> [RECORDS]:
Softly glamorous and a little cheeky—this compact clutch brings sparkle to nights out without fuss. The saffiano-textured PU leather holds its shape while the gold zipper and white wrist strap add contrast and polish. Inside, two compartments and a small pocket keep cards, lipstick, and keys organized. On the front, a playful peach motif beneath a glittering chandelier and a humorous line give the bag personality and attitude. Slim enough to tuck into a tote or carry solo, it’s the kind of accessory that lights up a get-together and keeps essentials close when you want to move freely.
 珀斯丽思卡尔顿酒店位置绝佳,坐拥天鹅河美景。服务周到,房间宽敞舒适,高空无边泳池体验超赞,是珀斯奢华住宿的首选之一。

==

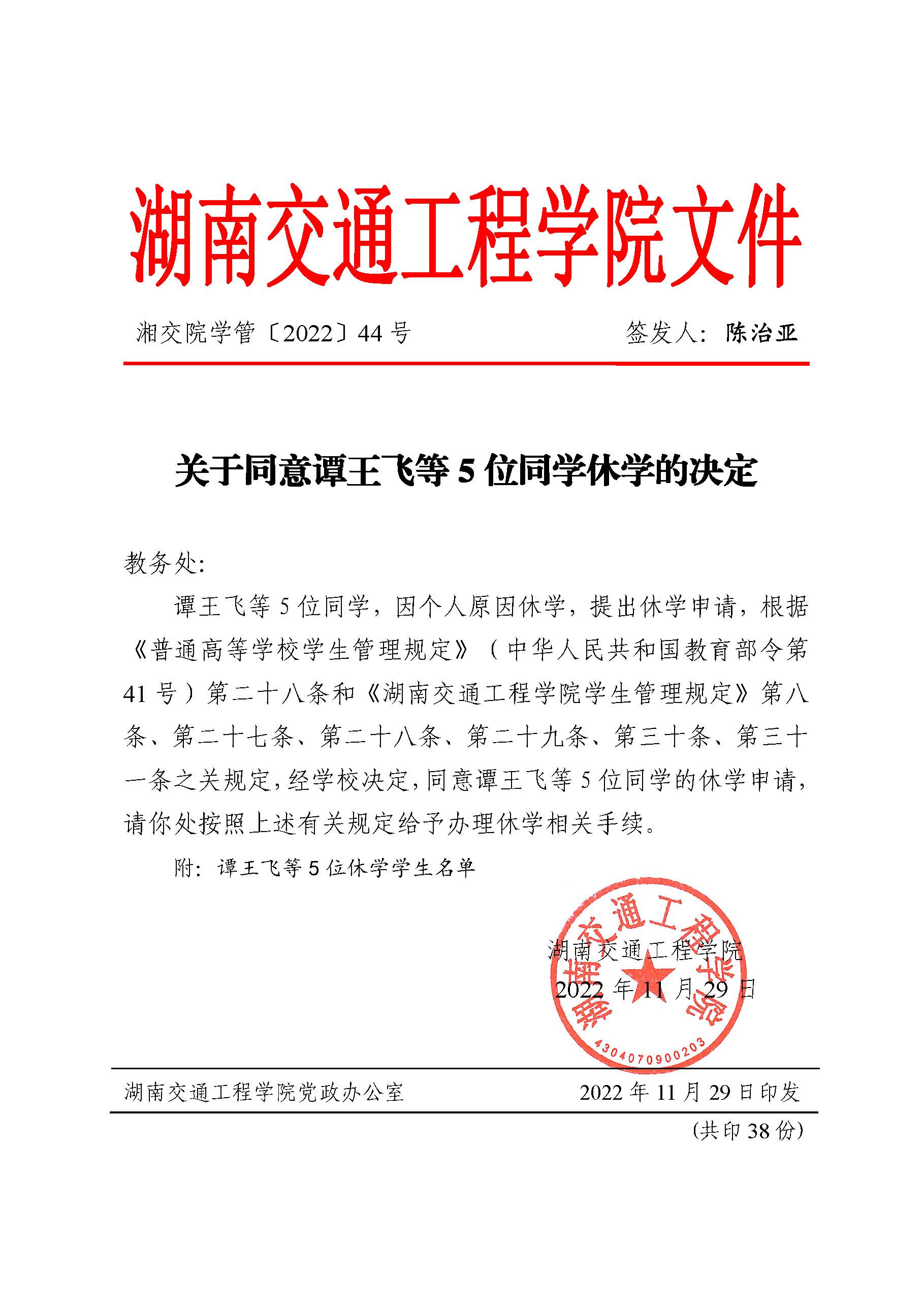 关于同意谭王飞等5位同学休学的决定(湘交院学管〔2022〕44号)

> [TASK DETAILS]: The answer is the run of lines above from the line containing "Softly glamorous and" through the line containing "珀斯丽思卡尔顿酒店位置绝佳,坐拥天鹅河美", copied exactly and alone.

> [TASK RESULT]:
Softly glamorous and a little cheeky—this compact clutch brings sparkle to nights out without fuss. The saffiano-textured PU leather holds its shape while the gold zipper and white wrist strap add contrast and polish. Inside, two compartments and a small pocket keep cards, lipstick, and keys organized. On the front, a playful peach motif beneath a glittering chandelier and a humorous line give the bag personality and attitude. Slim enough to tuck into a tote or carry solo, it’s the kind of accessory that lights up a get-together and keeps essentials close when you want to move freely.
 珀斯丽思卡尔顿酒店位置绝佳,坐拥天鹅河美景。服务周到,房间宽敞舒适,高空无边泳池体验超赞,是珀斯奢华住宿的首选之一。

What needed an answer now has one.